A wedding invitation, from watercolor to print
The wedding invitation of two friends — from the first sketch to the watercolor, then from scan to print. A real little commission.
Two friends of mine are getting married this year, and it made me want to offer to do their wedding invitation in watercolor — that’s how this little project began :)
It was also a chance to level up on the “post-painting” side, with a new tool, Affinity, a free alternative to Photoshop: handling the scan, working the colours on the computer, then the printing. And to work as a team: making proposals, sharing progress, deciding together. A real little commission, and a great pleasure.
The sketch, then the design
We talked it through first, on the phone: what did we like, which little references could we slip into the image? The wedding venue — so, the château; the couple from behind, dressed as on the day he proposed, on the white picnic blanket with the flowers; their dog, and the aeroplane right at the top, for the back-and-forth between France and Mexico.
Once we were happy with the composition, I took a more detailed sketch and began the watercolor.
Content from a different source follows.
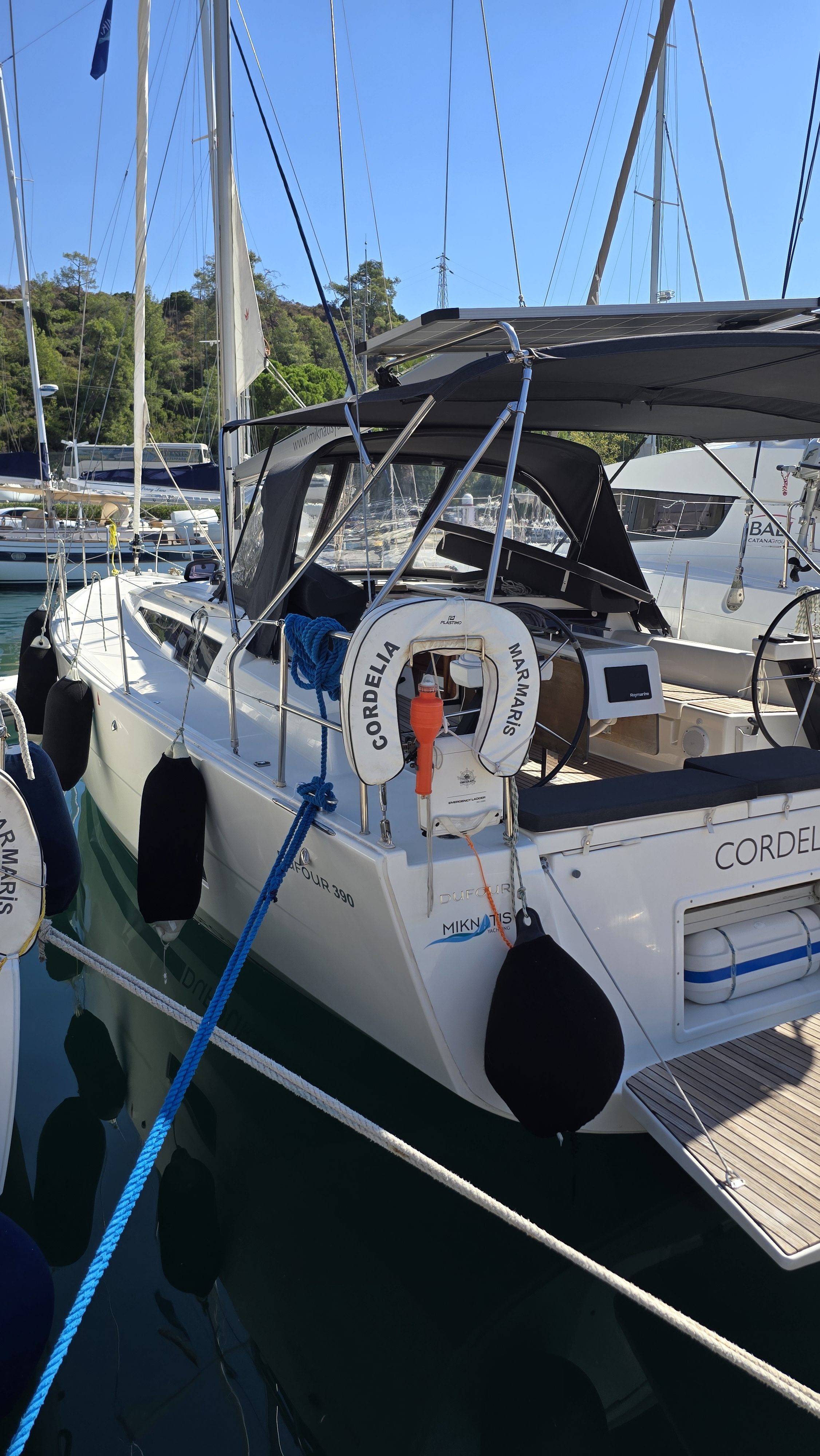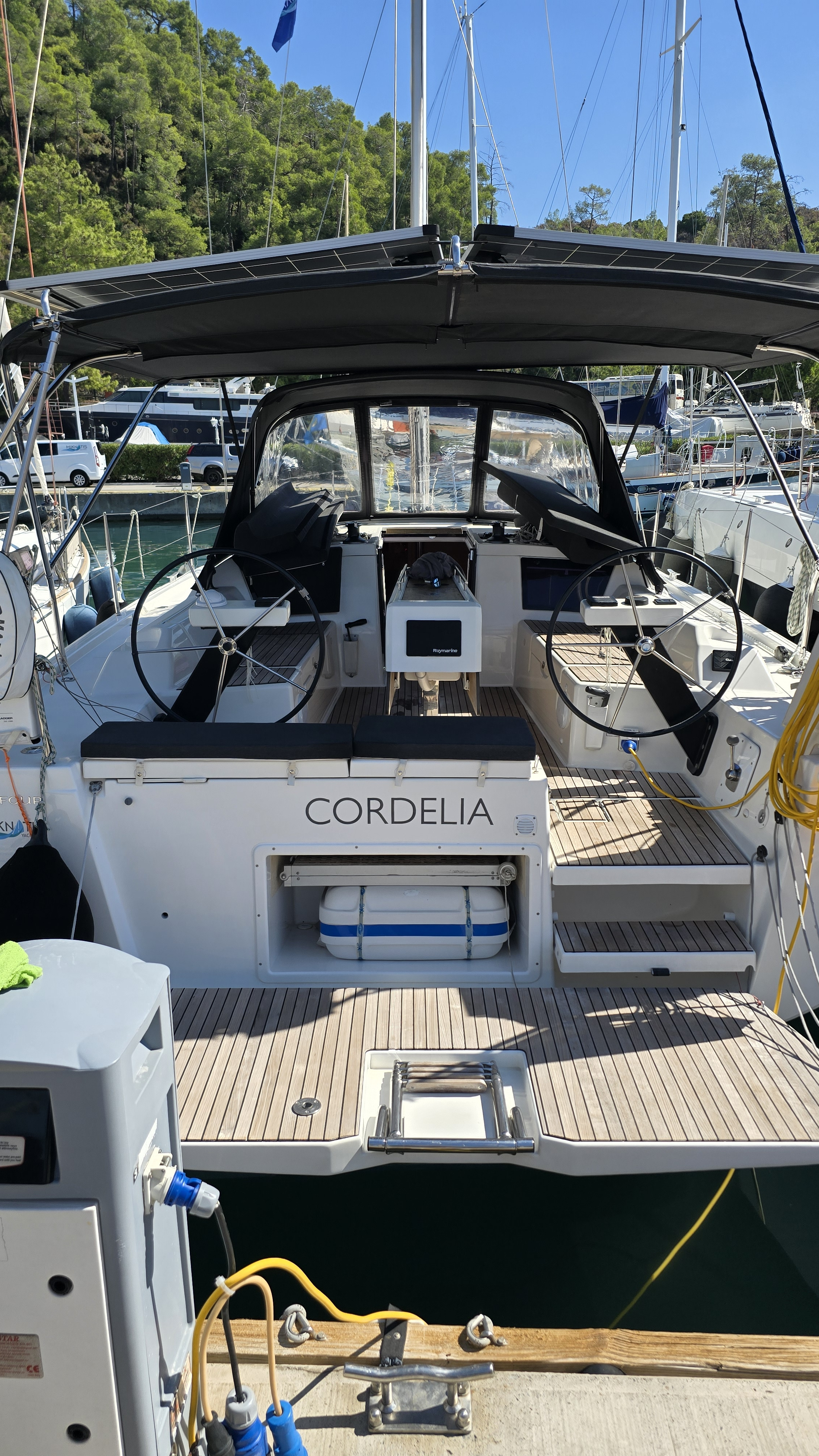| Outside | 220 V Landstromkabel mit Ladegerät, Badeplattform, Biminitop, Cockpitlautsprecher, Cockpitpolster, Cockpittisch, Fernsteuerung für elektr. Ankerwinsch, Festmacherleinen, Sprayhood, Teak im Cockpit, Windex |

The watercolor, step by step
Once it was finished, I showed it to them — they loved it.
Front, back: the names and the ornaments
At first I imagined putting the two first names on the front, in calligraphy.
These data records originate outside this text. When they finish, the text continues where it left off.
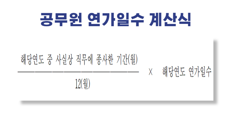 연가일수는 [해당연도 연가일수] x [해당연도 중 사실상 직무에 종사한 기간(개월)]/[12개월] 식으로 계산이 가능합니다.
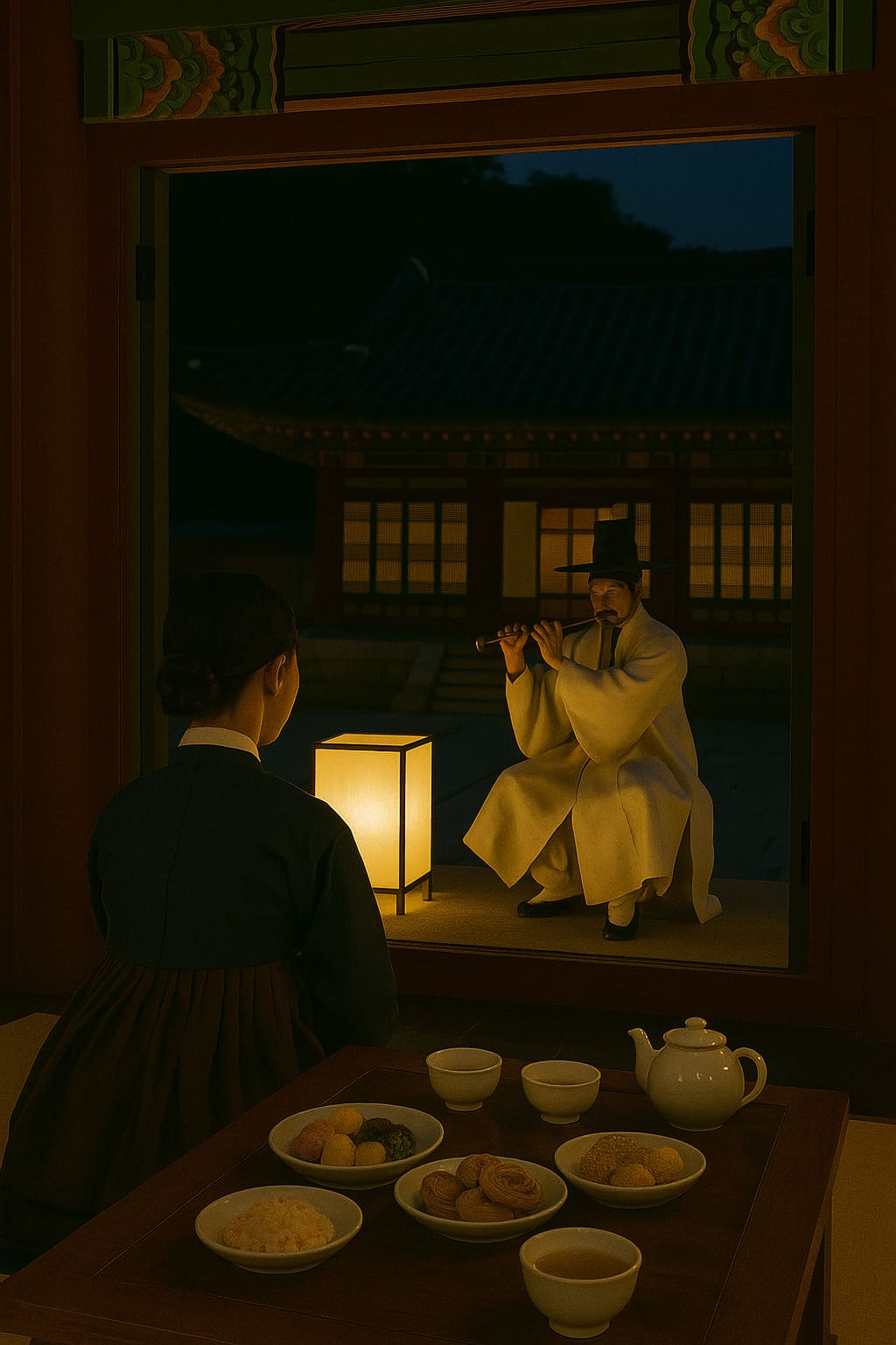 - 전통 다과와 고즈넉한 실내 공연
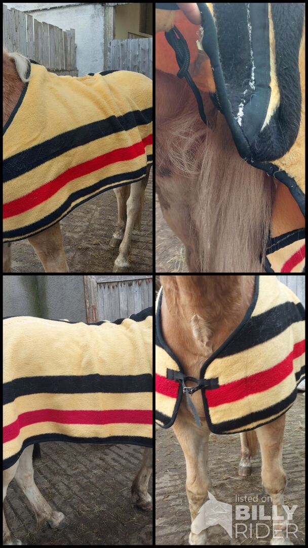 Sweat blanket 155 - A high-quality sweat rug with particularly thick fleece is for sale - ideal for the colder seasons and perfect for sweating off after training. The rug impresses with its cuddly soft, warming material, which reliably absorbs moisture and at the same time makes it comfortable to wear. Details: 🐴 Sweat rug made from thick, fluffy fleece 🔥 Warming & breathable - perfect after riding 🎨 Classic design in cream with black and red stripes 🧵 Cleanly finished and hard-wearing 🔒 With fastener for a secure fit Condition: โ New Ideal for stabling, training or transportation - a reliable rug for your horse 📦 Shipping possible 💬 Please contact us if you have any questions
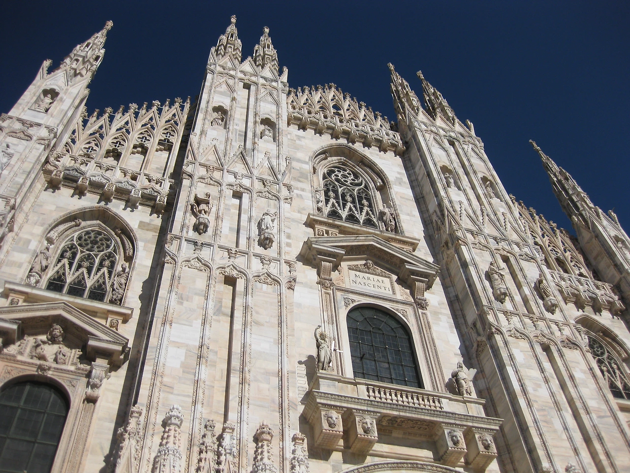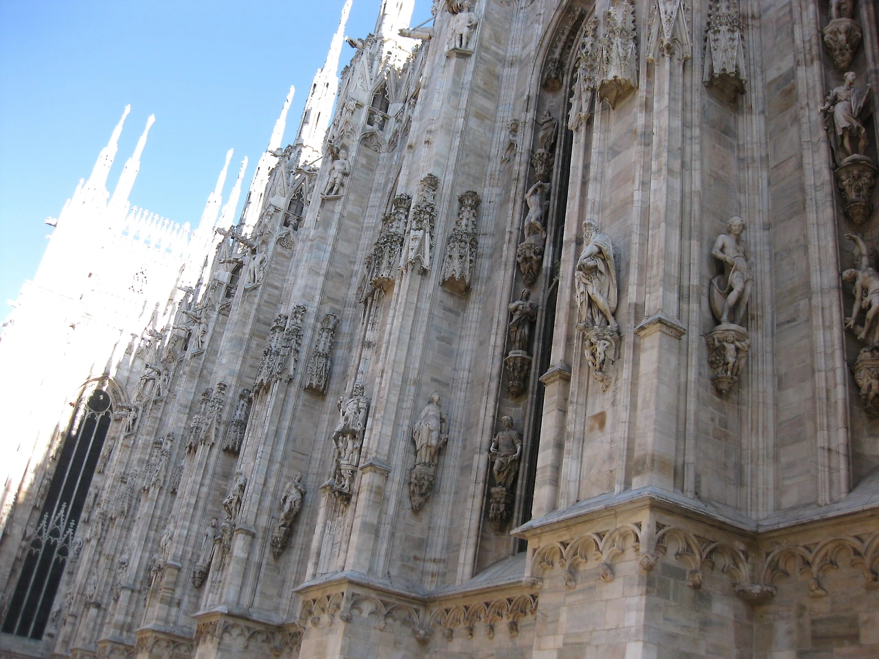 성당 전체가 흰 대리석으로 덮여있고, 기둥과 부벽 위에 인상을 이고 임립 하는 소첨탑은 자그마치 135기를 헤아린다.
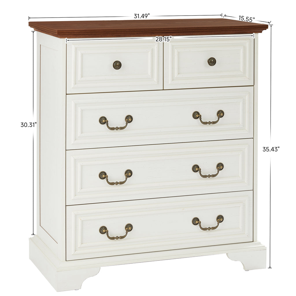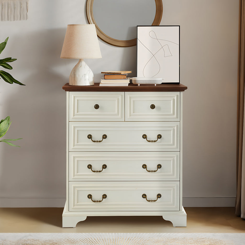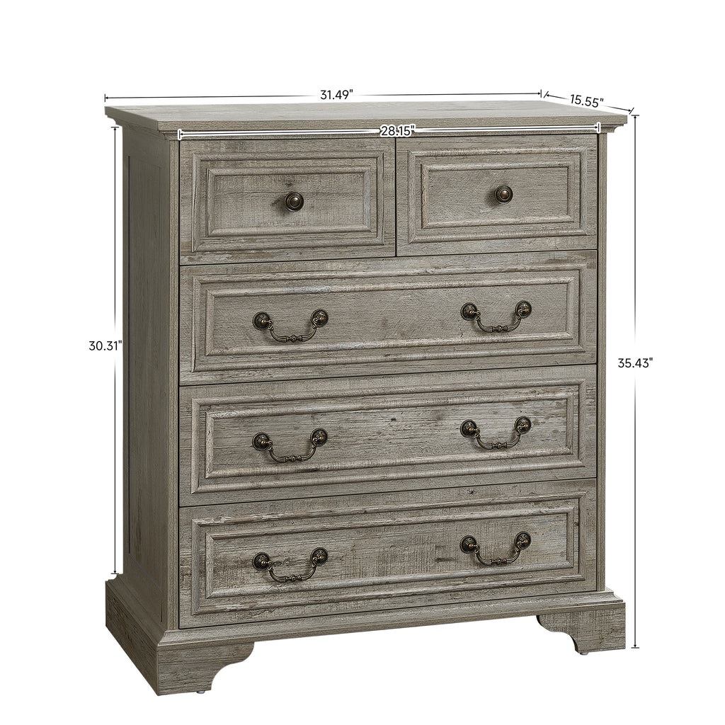 Unique Vintage Design Dressers - Embrace the beauty of vintage aesthetics with this 5-Drawer dresser. Designed with embossed textures and beveled edges on the furniture exterior, our dressers exude sophistication and elegance. The Roman column-style handle provides a classic finishing touch, making it the perfect storage solution for your bedroom essentials.

In the end, we decided to move the text to the back. For the back, Natalia wanted a few flowers: I first tried a lily, but it no longer pleased me. I went instead for flowers as small ornaments.
From screen to paper
As I mentioned earlier, I worked in Affinity, which I’d discovered for the sign painting, and this time tamed for colour, cropping and formatting for print.
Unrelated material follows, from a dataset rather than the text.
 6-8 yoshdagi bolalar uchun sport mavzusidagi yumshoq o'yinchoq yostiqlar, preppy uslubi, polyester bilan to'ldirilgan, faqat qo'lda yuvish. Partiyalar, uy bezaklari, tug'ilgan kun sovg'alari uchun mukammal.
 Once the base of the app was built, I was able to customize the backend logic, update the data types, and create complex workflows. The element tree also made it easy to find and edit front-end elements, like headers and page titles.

Then came preparing a print-ready file: the bleed, the little marks so the front and back line up properly. I then had the sheets printed at a print shop, and cut them myself on a guillotine — cutting them myself was far cheaper than having the printer do it, and the quantities didn’t make the work too long given the savings.
The result
The paper was gorgeous and the result just as I’d hoped. One tiny detail, if I’m being a perfectionist: the colours aren’t exactly those of the watercolor — the little tower came out a touch redder than the original’s orange, and I could treat myself to a better guillotine… but honestly, you can hardly tell.
I’m truly delighted with the result, and I hope I’ll get the chance to do a project like this one again!!